*** Materials provided ***

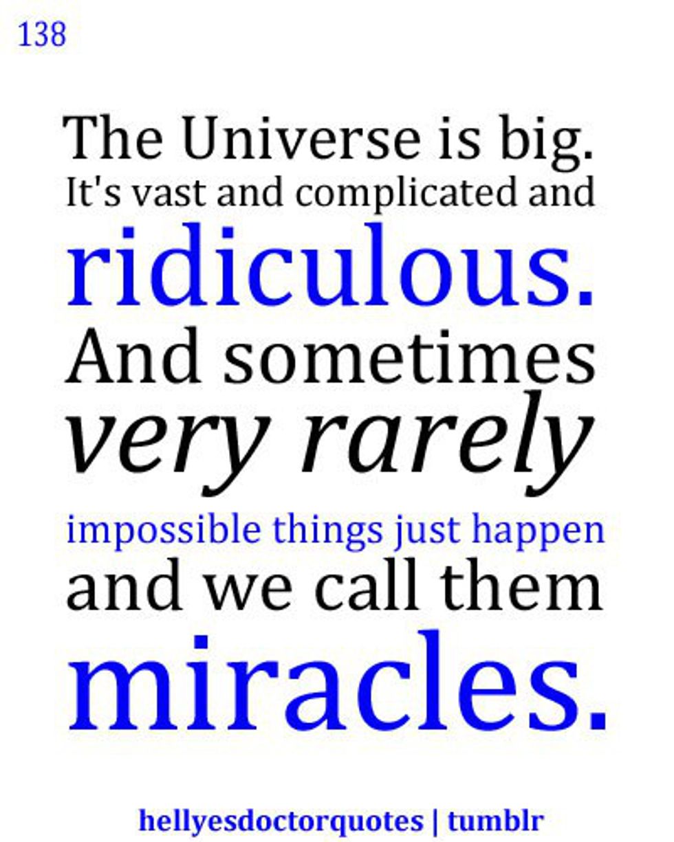 2. I love this quote. This is one of my personal favorites. There are so many variables in life. So many things can go right and wrong, and this quote acknowledges that and also gives us leave to believe in the magic of miracles, wonderful moments where the stars seem to have aligned just for us.
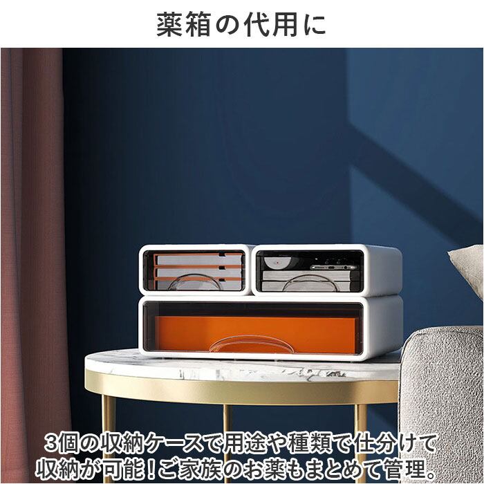 ・3個の収納ケースで用途や種類で仕分けて収納が可能!ご家族のお薬もまとめて管理。
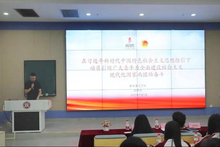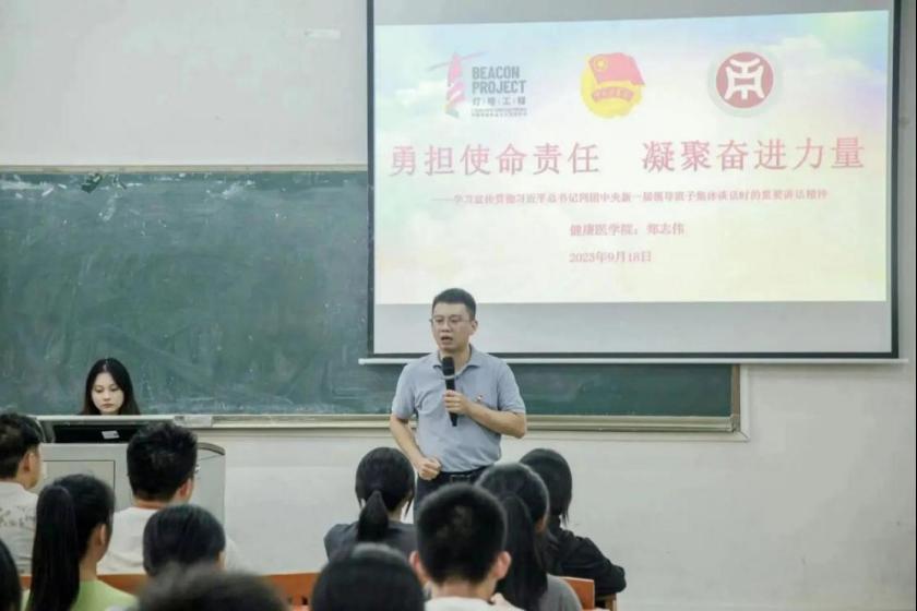 为了更好地学习、宣传、贯彻习近平总书记的重要讲话精神,广州华商学院健康医学院于2023年9月18日下午3:00在励志楼C101开展了主题为“勇担使命责任,凝聚奋进力量”的主题团课。健康医学院各学生组织骨干、各班学生代表参与本次会议。郑志伟老师带领同学们细致解读了习近平总书记的重要讲话内容,一览共青团和青年工作的变革历程,深度剖析党中央对共青团工作的新要求,并针对培养什么样的青年、建设什么样的共青团两个问题做出基本概要。郑志伟老师对同学们提出三点嘱托与期望:第一,团结奋进,踔厉向前争做先锋;第二,实干担当,脚踏实地服务为民;第三,钻研学业,精益求精奉献社会。他希望各学生组织骨干、各班学生代表能够将所学习的内容付诸于实践,以实际行动担当青年责任,以刻苦努力建设国家。
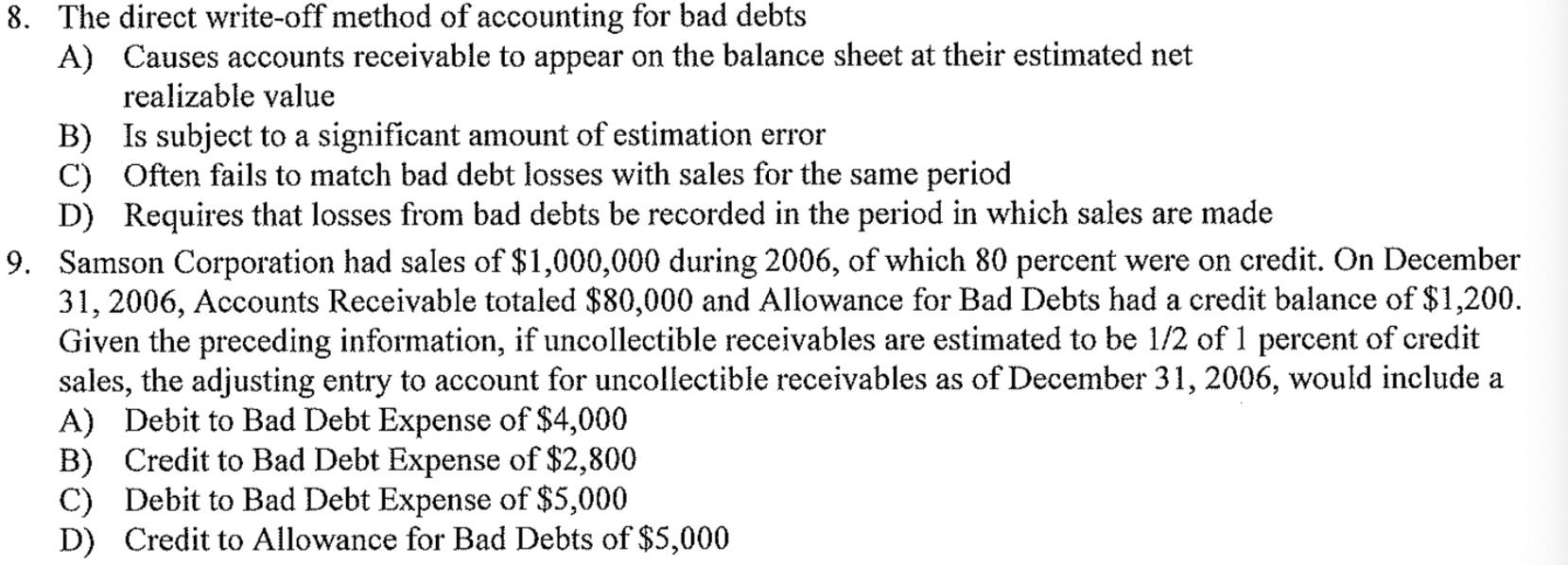 Solved 8. The direct write-off method of accounting for bad | Chegg.com
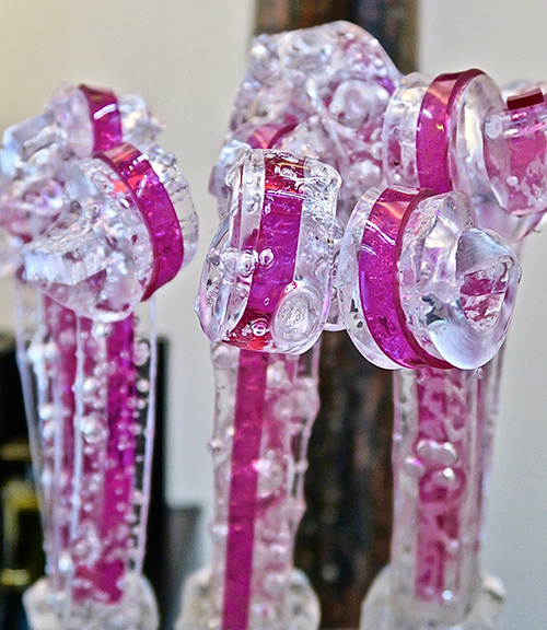 Originaire de Vallauris, Cristina Marquès, toute petite, aimait visiter les ateliers des céramistes de sa ville. Elle se laisser emporter par la magie de la terre qui se transforme sous les gestes adroits des potiers; plus tard, étudiante à paris, elle découvre la peinture, la création de décors et le verre acrylique (Altuglas, Plexiglas). A son tour, comme les potiers de son enfance, elle se met à dompter, à détourner, à magnifier le matériau ingrat. Puis elle crée des bijoux contemporains avec du méthylacrylate, peint le Plexiglas, et lui apporte des effets « bulge » ou « trompe l’oeil ». Récompense : une médaille d’Argent au Concours Lépine en 2004. Elle retourne ensuite dans son chez Sud où elle perfectionne sa technique. La Place nous présente les météorites de l’artiste : des spirales à la fois glaciales et brûlantes. Ensorcelantes.
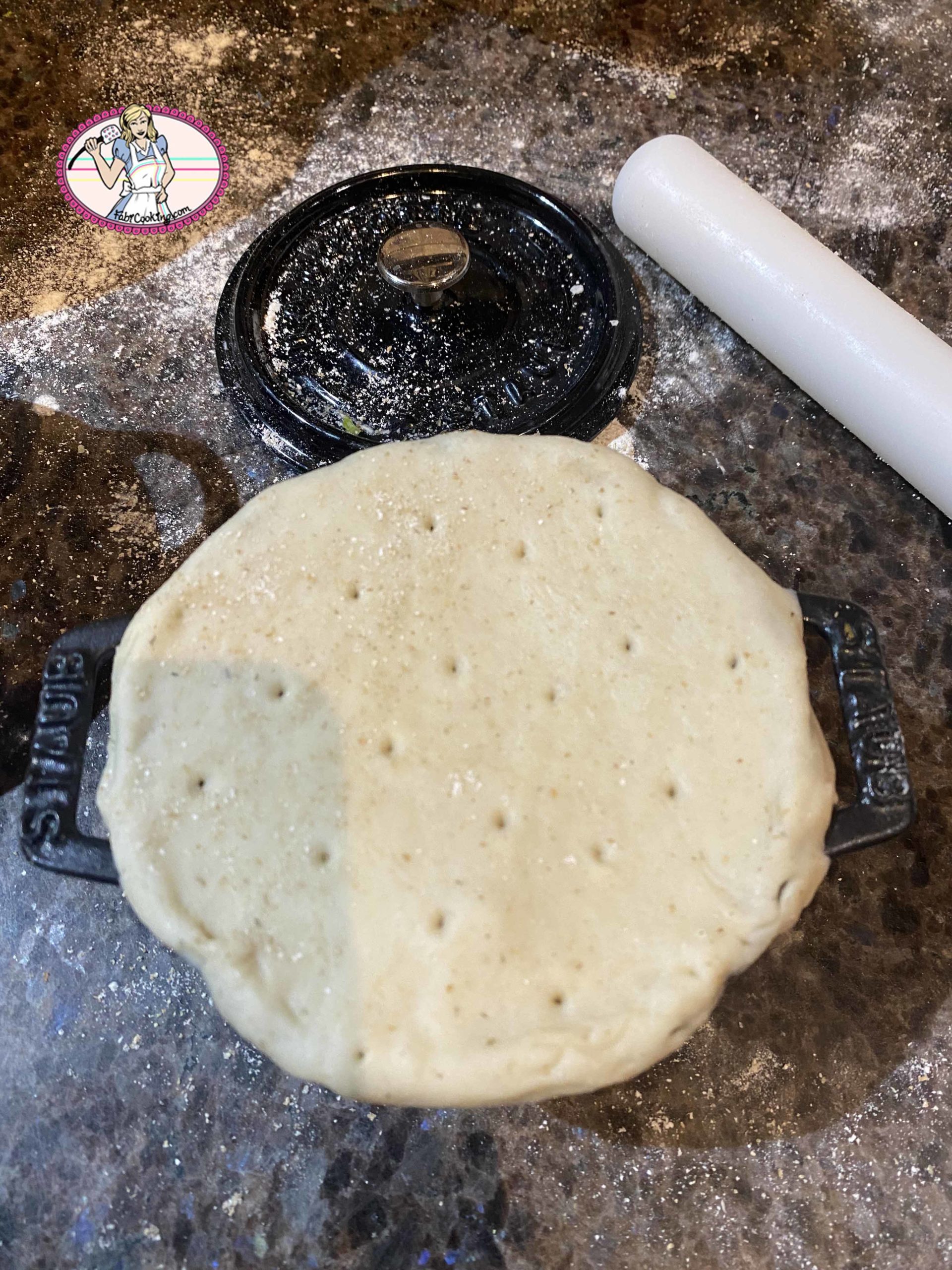 7. Découper à l’emporte pièce un cercle supérieur de 2 bons centimètres au moins du diamètre de la cassolette. Attention la pâte va se rétracter. Piquer à la fourchette la pâte et humidifier le contour de la cassolette pour que la pâte adhère facilement. Luter.

*** End of Materials provided ***

• [Problem requirements]: What you should return is the exact text of every line from the top of the entries through the line with "Solved 8. The", pictures removed.

• [Exercise solution]:
 2. I love this quote. This is one of my personal favorites. There are so many variables in life. So many things can go right and wrong, and this quote acknowledges that and also gives us leave to believe in the magic of miracles, wonderful moments where the stars seem to have aligned just for us.
 ・3個の収納ケースで用途や種類で仕分けて収納が可能!ご家族のお薬もまとめて管理。
 为了更好地学习、宣传、贯彻习近平总书记的重要讲话精神,广州华商学院健康医学院于2023年9月18日下午3:00在励志楼C101开展了主题为“勇担使命责任,凝聚奋进力量”的主题团课。健康医学院各学生组织骨干、各班学生代表参与本次会议。郑志伟老师带领同学们细致解读了习近平总书记的重要讲话内容,一览共青团和青年工作的变革历程,深度剖析党中央对共青团工作的新要求,并针对培养什么样的青年、建设什么样的共青团两个问题做出基本概要。郑志伟老师对同学们提出三点嘱托与期望:第一,团结奋进,踔厉向前争做先锋;第二,实干担当,脚踏实地服务为民;第三,钻研学业,精益求精奉献社会。他希望各学生组织骨干、各班学生代表能够将所学习的内容付诸于实践,以实际行动担当青年责任,以刻苦努力建设国家。
 Solved 8. The direct write-off method of accounting for bad | Chegg.com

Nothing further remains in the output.